In College of Early Childhood Educators v. Phillips (Div Court, 2023) the Divisional Court considered an appeal from a decision of the Discipline Committee of the College of Early Childhood Educators, here under s.38(1) of the Early Childhood Educators Act, 2007. In this quote the court considers the standard of review for professional disciplinary decisions:
Standard of review
 Success on an appeal from a penalty decision requires the appellant to establish that the panel made an error in principle or that the penalty is clearly unfit. In Hirtle v. College of Nurses of Ontario, 2022 ONSC 1479, the court held, at para. 35:
With respect to the appeal from penalty, the appellant must show that the Panel made an error in principle or that the penalty was clearly unfit. To be clearly unfit, the penalty must be disproportionate or fall outside the range of penalties for similar offences in similar circumstances: Gill v. College of Physicians and Surgeons of Ontario, 2022 ONSC 49 (Div. Ct.), at para. 82. In College of Physicians and Surgeons of Ontario v. Peirovy, 2018 ONCA 420, 143 O.R. (3d) 596, the court set out the “very high threshold” to establish that a penalty is “clearly unfit”, adopting expressions from criminal law sentencing case law such as “demonstrably unfit”, “clearly unreasonable”, “clearly or manifestly excessive”, “clearly excessive or inadequate” or representing a “substantial and marked departure”: at para. 56. The court held that “[a] similarly high threshold applies in the administrative context”: at para. 57.

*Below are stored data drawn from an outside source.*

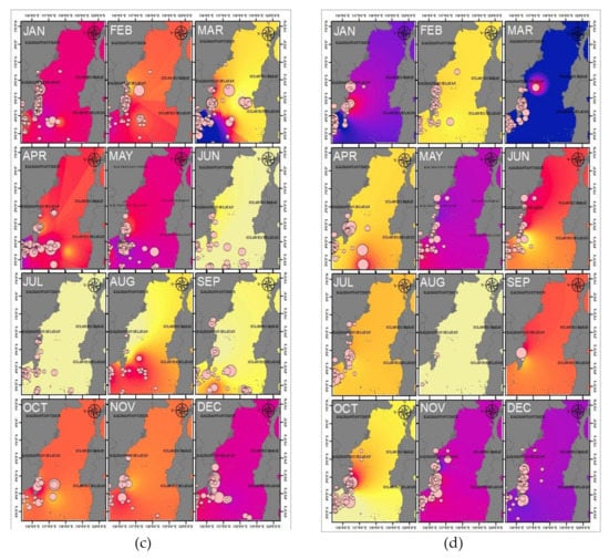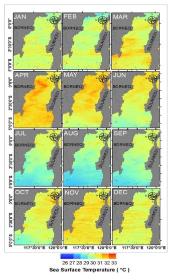 During the northeast monsoon period, the distribution of sea surface temperature in the MS waters was high. It increased again specifically in April, especially in the western part of the MS. The temperature distribution ranged from 31–32 °C, with the highest peak in April. From June until September, the sea surface temperature decreases, and there is a difference between the northern and southern parts of the MS. The north part of the MS has a higher temperature than the south part. Then, in October, the distribution of sea surface temperatures increased again until December. The highest average sea surface temperature distribution occurs in April, while August has the lowest sea surface temperature distribution. The weakening of the seasonal wind speed in April makes solar radiation more effective, causing high sea surface temperatures in that month [26].
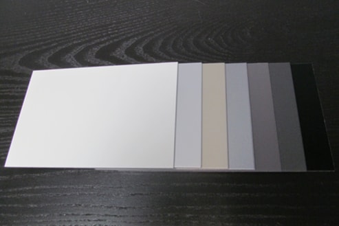 - Standard with a pre-painted 0.8mm D-MAX aluminium material, alloy 5754H42 and pre-painted PVDF type Kynar 500-70% finishes such as Duranar XL with a choice of 7 colours (0.8mm) available in stock: white RAL 9016, Jupiter RAL9006, neptune, alpha centauri, charcoal, rigel-2 and black RAL9005.
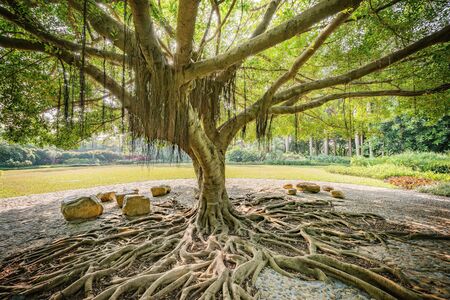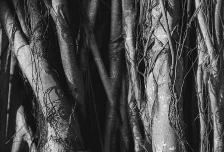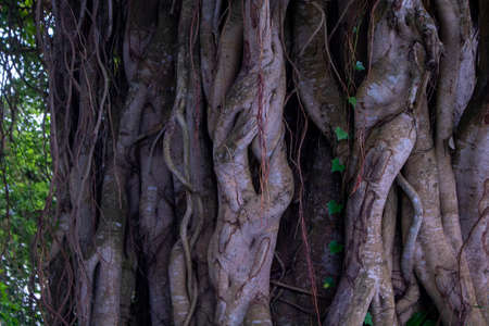 Amazing banyan tree trunk, roots and branches. City park. Shenzhen. China.
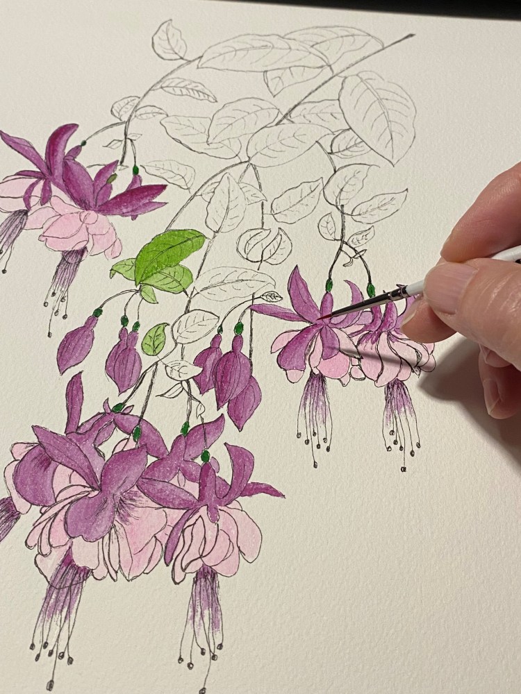 This is my watercolor of the plant Fuchsia. It was hard to decide which wonderful colors to paint the flowers. Fuchsia comes in many colors, but pinks are my favorite. I wanted to capture the delicate and unusual flower that drape from the vine.
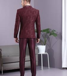 | Product Description | Men Wine Ethnic Motif Jacquard 5 Piece Tuxedo Suit With Satin On Only One Lapel And Tie Able Waist Band Having Satin On Only One Side |
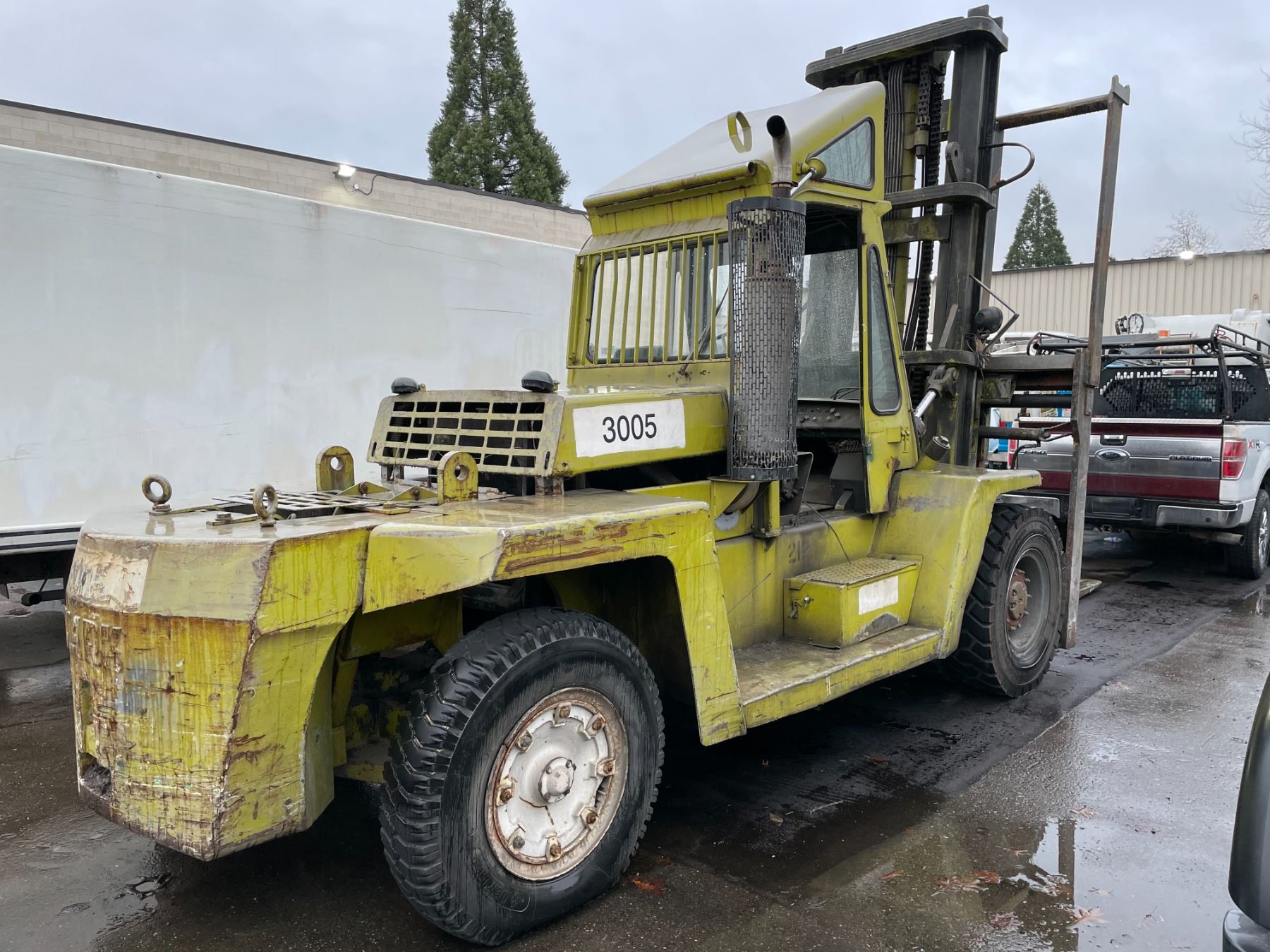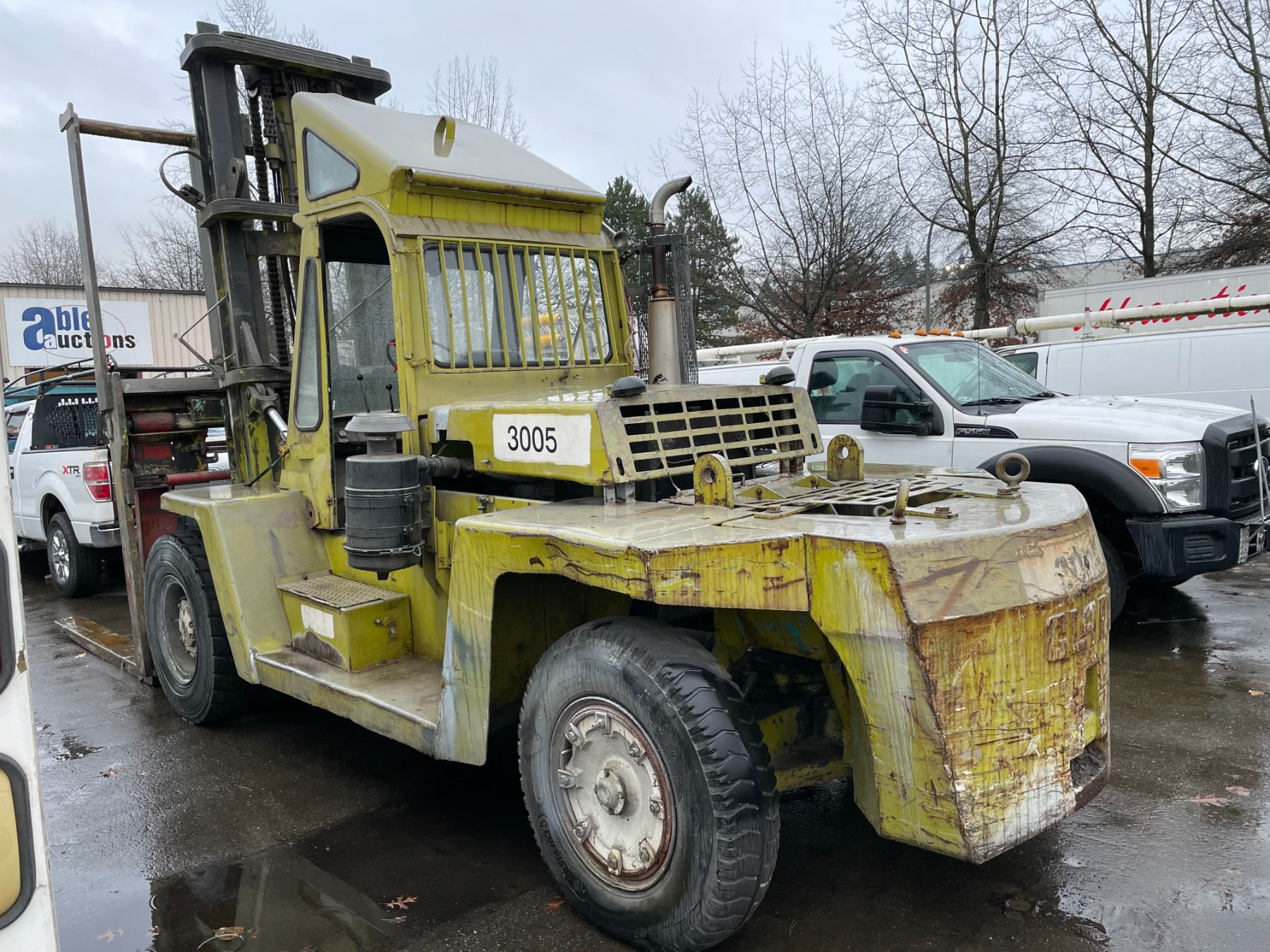 CLARK 30,000LB CAPACITY 2 STAGE DIESEL FORKLIFT WITH SIDE SHIFT, TILT & ADJUSTING FORKS HOUR METER READS 7,754HOURS (HOURS NOT VERIFIED)

 The deference attached to penalty decisions reflects the specialized nature of professional tribunals who hear and consider the evidence as to misconduct and determine an appropriate penalty. “Assessing penalty is at the heart of the discretion of a professional panel”: Reid v. College of Chiropractors of Ontario, 2016 ONSC 1041, at para. 127.
 Consequently, an appellate court cannot set aside a penalty decision simply because it would have imposed a different penalty. An appellate court cannot reweigh the evidence considered by a panel who determines a penalty upon a finding of misconduct. Deference must be afforded in accordance with this established line of authority.